I definitely do try to pre-build as much as I can.  I've found that's incredibly useful on saving inventory slots for making other things.  I'm also reasonably good at not making one huge base in an obviously griefable spot, usually I scatter smaller working camps around.  I've only once tried to actively hide my camp though, I should do it more often it worked out well.

 

I'd totally forgotten the walking cane and tam-o-shanter, I don't usually walrus-hunt like I ought to, and I seem to have some sort of a mental block on the miner's hat that I really need to overcome.  I think we can both admit you're a more advanced player than I am as well (since we've both played together), and that shows in the eyebrella and the hounds-teeth which I either don't get or tend to forget about.  For some reason I keep thinking of hounds as bad, when I changed how I thought of spiders my game improved so I'm guessing I should do that here as well.

 

I always end up devoting a slot to picking up green 'shrooms as I go, to help w. sanity, or cactus fruit if I'm in the desert.  Do you not bother because you already have the tam-o-shanter?  Before you get it do you bother?

 

In sanity issue, I also rely on cooked green mushrooms at the beginning, but when I worked off a camp I prefer tent-sleeping for recharging both health and sanity since food supply is not a matter in that time.
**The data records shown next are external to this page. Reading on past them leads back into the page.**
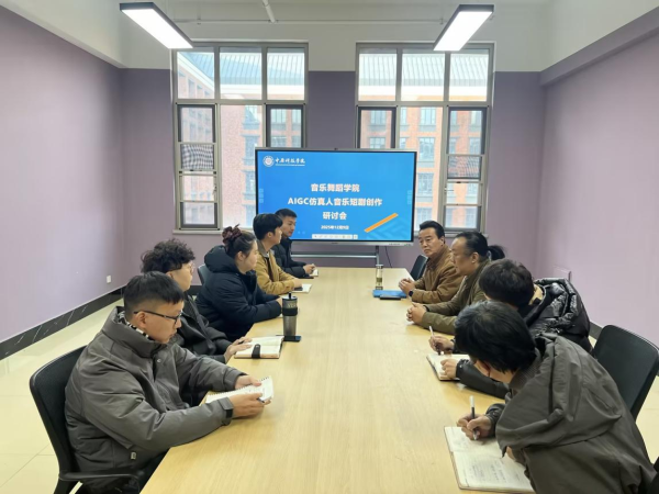 为积极探索艺术与科技融合的新路径,推动学科创新发展,12月9日下午3:30,音乐舞蹈学院在M335会议室召开AIGC仿真人音乐短剧创作专题研讨会,学院院长商立君、院长助理高龙及相关专业教师代表出席了会议。会议特邀河南半音影视制作有限公司创始人、董事长,高级录音工程师盛明兴先生出席并进行专题分享,会议由商立君院长主持。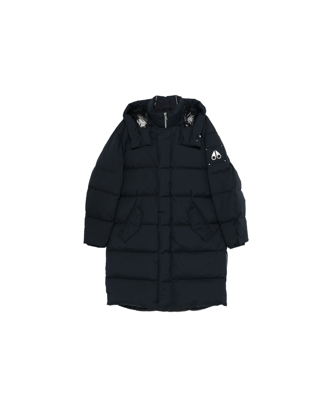 dark blue padded design logo patch front zip fastening detachable hood front flap pockets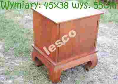 Niezwykle masywna i ciezka bo wykonana z najlepszej jakosci mahoniowych bali. Wykonana recznie przez naszych stolarzy i wykonczona w sposób uwypuklajacy przepiekne słoje mahoniowego drewna. Moze byc mebelkiem indywidualnym, lub w komplecie z łóżkiem „opium”, ktore mamy na innej naszej aukcji. Praktycznie inwestycja na cale zycie!

And yes, Tam really helps a lot for keeping sanity almost full in every season except the Summer. Hence I really recommend to find out Mactusk's igloo before the Winter. Walking cane also helps your mental-in-reality by speeding up movement of your character.

 

Well, tooth traps for hounds are essential in late-game when they begin to outnumber of your dealing ability. And in most case, even griefers don't touch much on my traps because amount of them (I generally place more than 20 traps on my main camp) outnumbers their inventory pool lol... You can stack much teeth with skulls of hound in desert or Mactusk igloo raid throughout the Winter. When there's more than 3 igloo spots in the map... Extravaganza! That's why I always set up the first camp near igloo(s).

 

In the eyebrella case... If you're not dare enough to face the Deerclops man to man or there's another players who are competing with others about Deerclops' rewarding, an umbrella would be a good alternative. Combination of umbrella + straw hat has same cooling effects as Eyebrella, but you lose a hand slot. So killing Deerclops is much recommended. Unless Wolfgang's full boosting, other character takes at least 3 armours with 80% damage reduction (log suit, football helm) and much sanity drops (>15 jerkies for healing sanity and health would be fine I guess). But it is significantly worth to pull out his eye, to get a cozy game through Spring and Summer.